The store’s alarm is blaring in your ears. The ski mask itches against your skin, you can feel condensation around your mouth, sweat forming in your matted hair. The broken glass under your shoes moans against the floor as you try to move your feet.

You still have the manager between your legs, holding the front of his shirt in one hand. Your knuckles ache, your heart is pounding in your chest.

You hit him again, and blood splatters as the man’s nose crunches.

“Motherfucker,” he says again, but this time his voice is a croak, broken and breathless.

His face looks flattened, one of his eyes swollen shut. You’ve knocked out two of his front teeth. This is your fault. You should have known the driver’s ID wouldn’t be enough. You should have had a hunting license forged.  There isn’t time. That takes weeks. You have days.

This is his fault, he should have just given you the gun. He shouldn’t have tried to stop you. Nothing can stop you.

I’m sorry, you want to say.

“Stop fucking swearing,” you say instead.

This time when you hit him, the back of his head hits the floor with a smack. Is he dead? No. You let go, staggering back to your feet, lurching behind the register. You take a pistol. Just a hand gun. That’s all you need.

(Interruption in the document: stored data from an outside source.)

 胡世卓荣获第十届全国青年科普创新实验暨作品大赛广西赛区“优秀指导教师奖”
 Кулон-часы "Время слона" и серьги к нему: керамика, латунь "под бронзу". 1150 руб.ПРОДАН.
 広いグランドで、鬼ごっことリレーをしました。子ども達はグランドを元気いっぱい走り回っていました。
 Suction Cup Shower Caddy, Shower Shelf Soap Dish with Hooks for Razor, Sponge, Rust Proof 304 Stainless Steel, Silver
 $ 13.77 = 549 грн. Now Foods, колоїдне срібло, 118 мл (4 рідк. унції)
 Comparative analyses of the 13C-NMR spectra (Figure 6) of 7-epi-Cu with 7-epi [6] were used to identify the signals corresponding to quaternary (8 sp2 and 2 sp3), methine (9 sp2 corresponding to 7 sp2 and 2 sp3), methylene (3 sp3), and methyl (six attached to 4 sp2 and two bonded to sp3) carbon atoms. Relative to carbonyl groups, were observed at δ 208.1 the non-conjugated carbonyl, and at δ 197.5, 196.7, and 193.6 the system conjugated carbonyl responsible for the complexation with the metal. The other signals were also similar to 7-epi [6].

Someone is still screaming. There is a woman in the store, holding equipment for ice fishing. She is still screaming. You squeeze the gun in your hand, point it at her. Is there a bullet in the chamber yet? You can’t remember. Blood is seeping through your gloves. But your mask is still on. She can’t see your face. You lower the gun.

“Life’s a carnival,” you say in a voice that sounds nothing like you. You say it like it can explain to the room what is happening.

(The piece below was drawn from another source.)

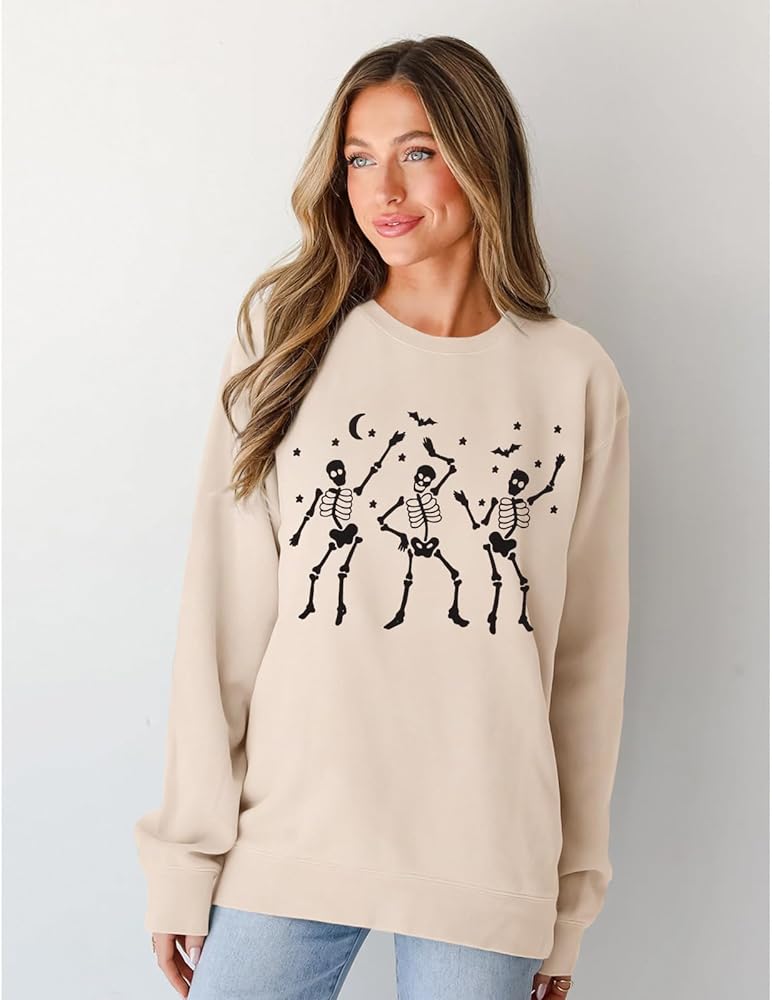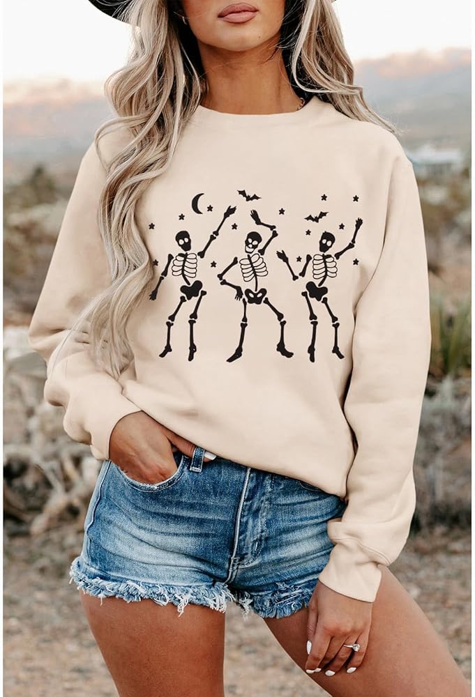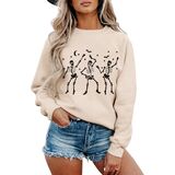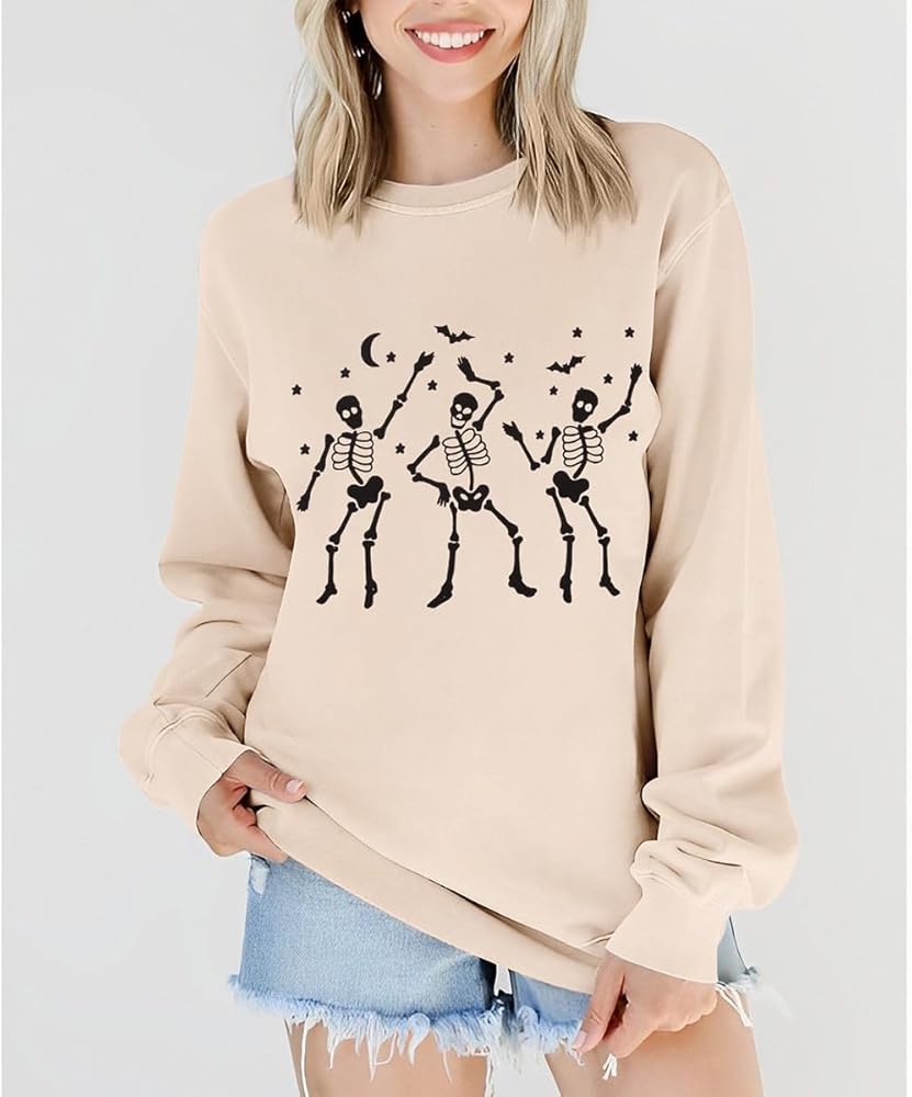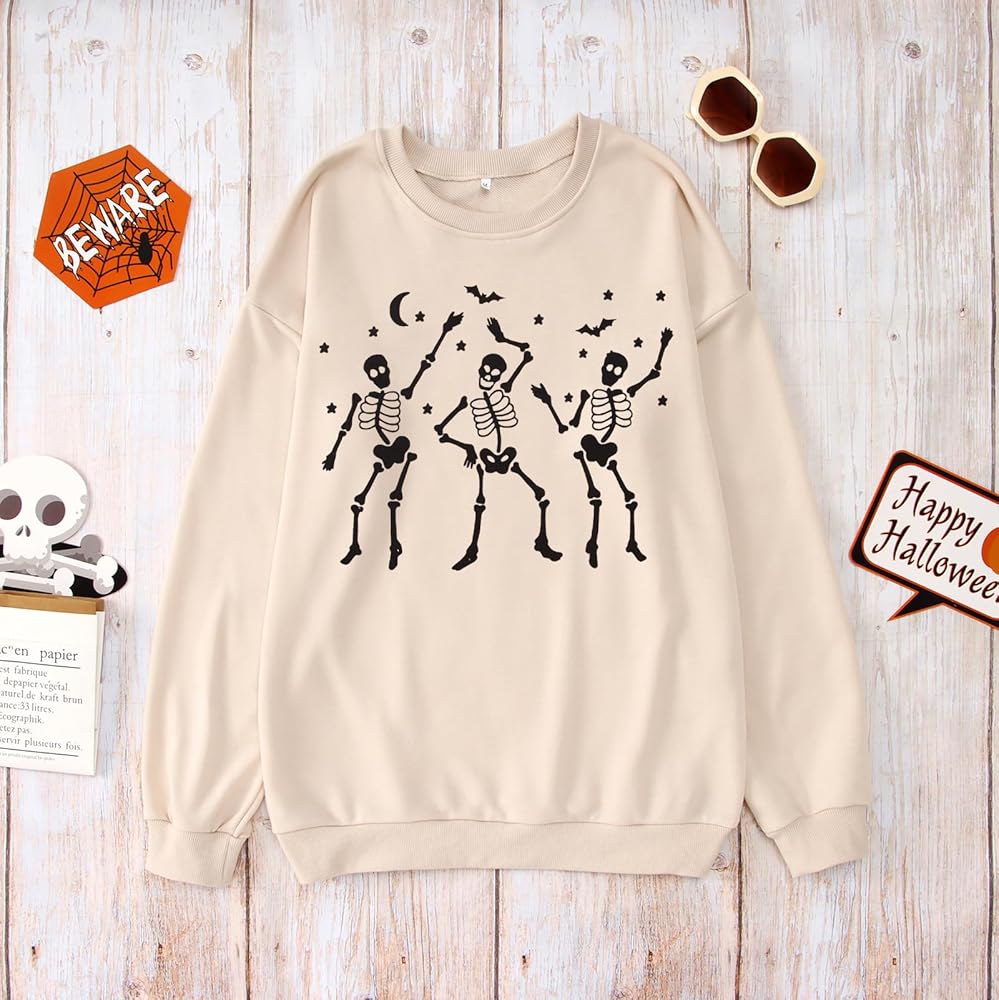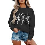🎃التصميم: سويت شيرت نسائي عتيق للهالوين، قميص طويل الأكمام للهالوين مع رقبة دائرية كلاسيكية، سويت شيرتات طويلة الأكمام للهالوين كبيرة الحجم مع طباعة جرافيك جمجمة راقصة مرحة، بلوفر جمجمة، هذا السويت شيرت ذو الهياكل العظمية الراقصة للهالوين للنساء/قمصان الهالوين طويلة الأكمام ستجعلك تشعرين المزيد من الموضة والساحرة.

You look down at the shattered glass for your reflection. You can’t see your face. The store manager has not moved. Is he dead? No.

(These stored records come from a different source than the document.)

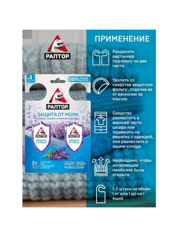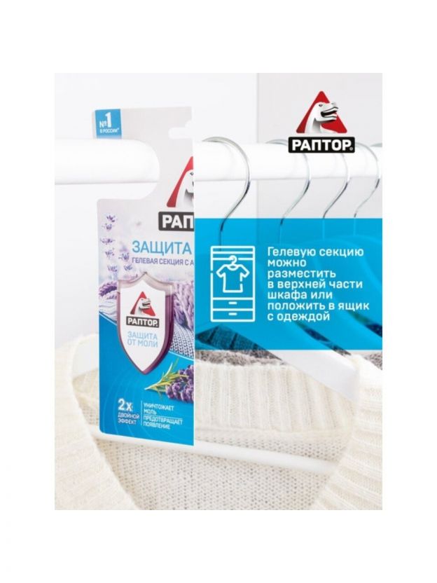 Репеллент от моли, гелевая секция, с ароматом лаванды, Раптор, Двойной эффект
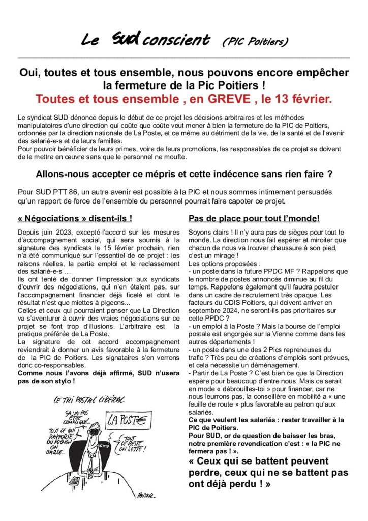 SUD PTT 86 appelle l’ensemble des personnel de la PIC à la GREVE Mardi 13 février .
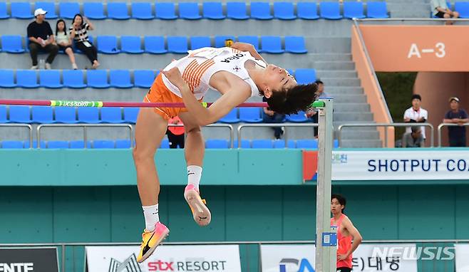 [예천=뉴시스] 이무열 기자 = 최진우(18·울산스포츠과학고)가 7일 오후 경북 예천스타디움에서 열린 제20회 예천아시아 U20 육상경기선수권대회 높이뛰기 결선에서 2m20을 넘고 있다. 2023.06.07. lmy@newsis.com
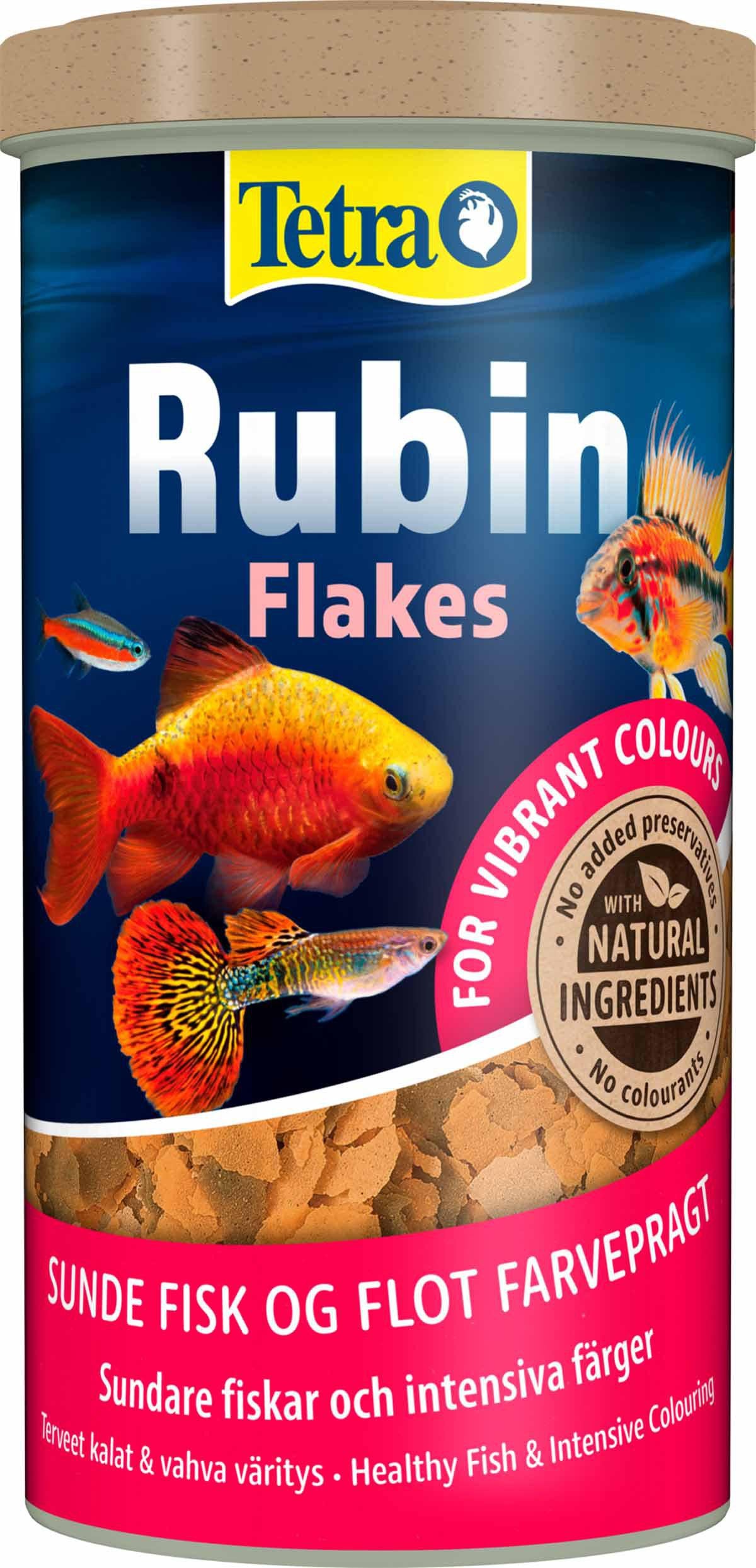 Særlige farveforstærkende ingredienser fremhæver røde, orange og gule nuancer, og effekten kan ses efter blot to ugers regelmæssig fodring. Tetra Rubin indeholder desuden prebiotika, der bidrager til forbedret foderudnyttelse og understøtter kroppens naturlige funktioner — med positiv effekt på vækst og klart vand.

Your father is pointing at the backdoor. His eyes are telling you to take the gun and run. You do as you are told.

***

The gun is stuffed down the back of your shirt. You can feel the cool carbon against your skin. You ditch the mask in the first trashcan you see. You ditch the gloves in the next and the coat. You don’t care that it’s cold. There is a car barely two blocks away.

There’s something catching your feet, and you stumble. What was that?

There is a kitten lying in the wet mud in front of you, curled into a ball, its snow white fur slicked. You stare at it. The shock of something so small makes the stinging in your hands so alien. It’s hard to reconcile soft and harmless things with violent ends. Drops of blood roll from the tips of your fingers, landing on the ground around the tiny creature, splashes nobody can hear. There, with your spilt blood forming a halo around its soft body, the white kitten looks like a skull.

It is so still. Is it dead? No.

Your bruised and broken hands ache as you reach down, not knowing why.

***

The bathroom mirror of your room on the third floor of the Best Western Adirondack is fogged up by the steam of the running hot water. It’s a relief not to be able to see yourself. Sitting in the hotel shower, curled up to one side of the small tub as hot water dances along your skin and escapes off to the world you can’t follow.